■ Data segment:
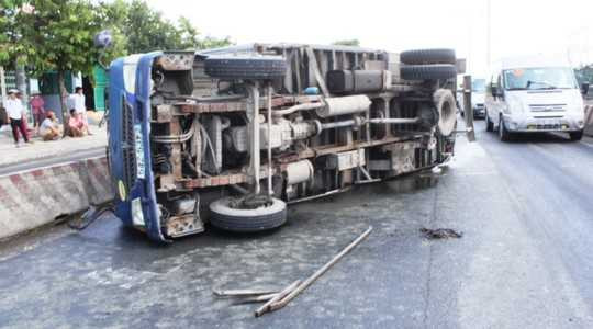 Sự cố khiến xe tải lật ngang đường. Hai bánh xe của trục bị gãy lao tự do trên đường gần 100 m mới chịu dừng lại khiến nhiều ô tô né tránh.
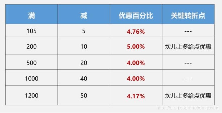 计算一下优惠百分比,你会发现有一个有意思的现象:整体上,【用户消费额度越大,优惠金额也越大】,但是百分比在减小的,只有在某些关键的坎儿上会猛提百分比。
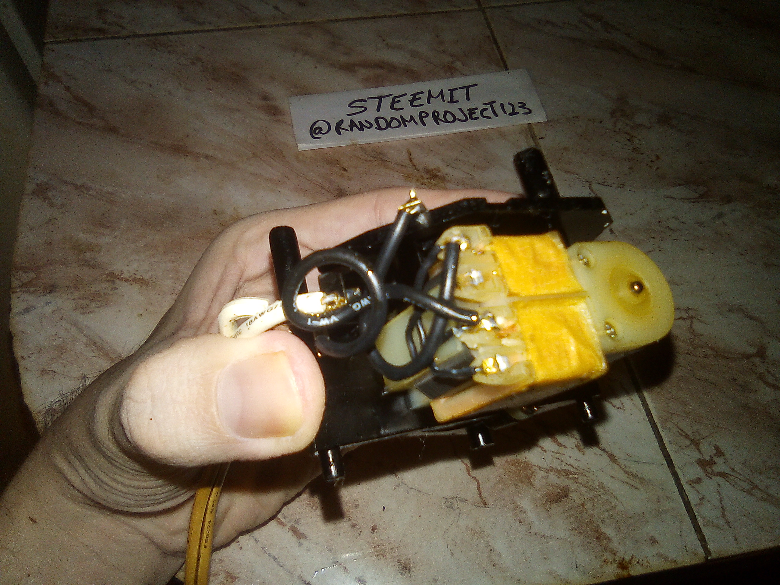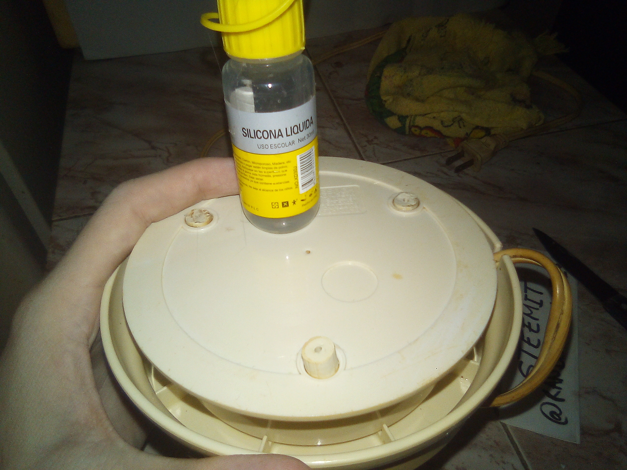 Tenia solo dos tapones en la parte de abajo, asi que supuse que al encenderse empezaria a bailar por todo el meson. Lo que hice fué cortar una a la mitad y para rellenar el espacio faltante utilicé silicon liquido, lo que haria tambien que no se salieran por accidente en un futuro.
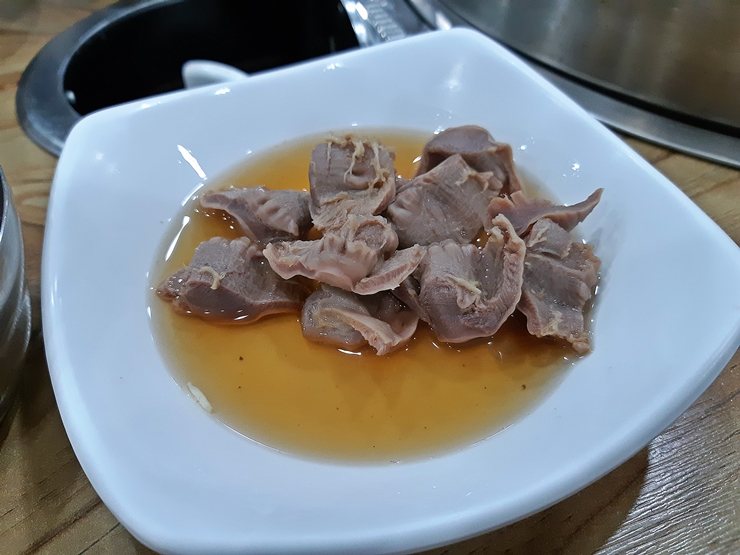 밑반찬으로 나오는 닭근위. 이건 공릉닭한마리만의 특징이라고 한다. 닭근위를 익혀서 연한 간장 소스에 내오는데 간장 소스의 맛은 거의 느껴지지 않았고 잘 익힌 닭근위 맛만 느껴졌다.

■ About this task: Only the lines from where the data begins to the line with "Tenia solo dos", both of them included, should be reproduced word for word; no pictures.

■ Exercise result:
 Sự cố khiến xe tải lật ngang đường. Hai bánh xe của trục bị gãy lao tự do trên đường gần 100 m mới chịu dừng lại khiến nhiều ô tô né tránh.
 计算一下优惠百分比,你会发现有一个有意思的现象:整体上,【用户消费额度越大,优惠金额也越大】,但是百分比在减小的,只有在某些关键的坎儿上会猛提百分比。
 Tenia solo dos tapones en la parte de abajo, asi que supuse que al encenderse empezaria a bailar por todo el meson. Lo que hice fué cortar una a la mitad y para rellenar el espacio faltante utilicé silicon liquido, lo que haria tambien que no se salieran por accidente en un futuro.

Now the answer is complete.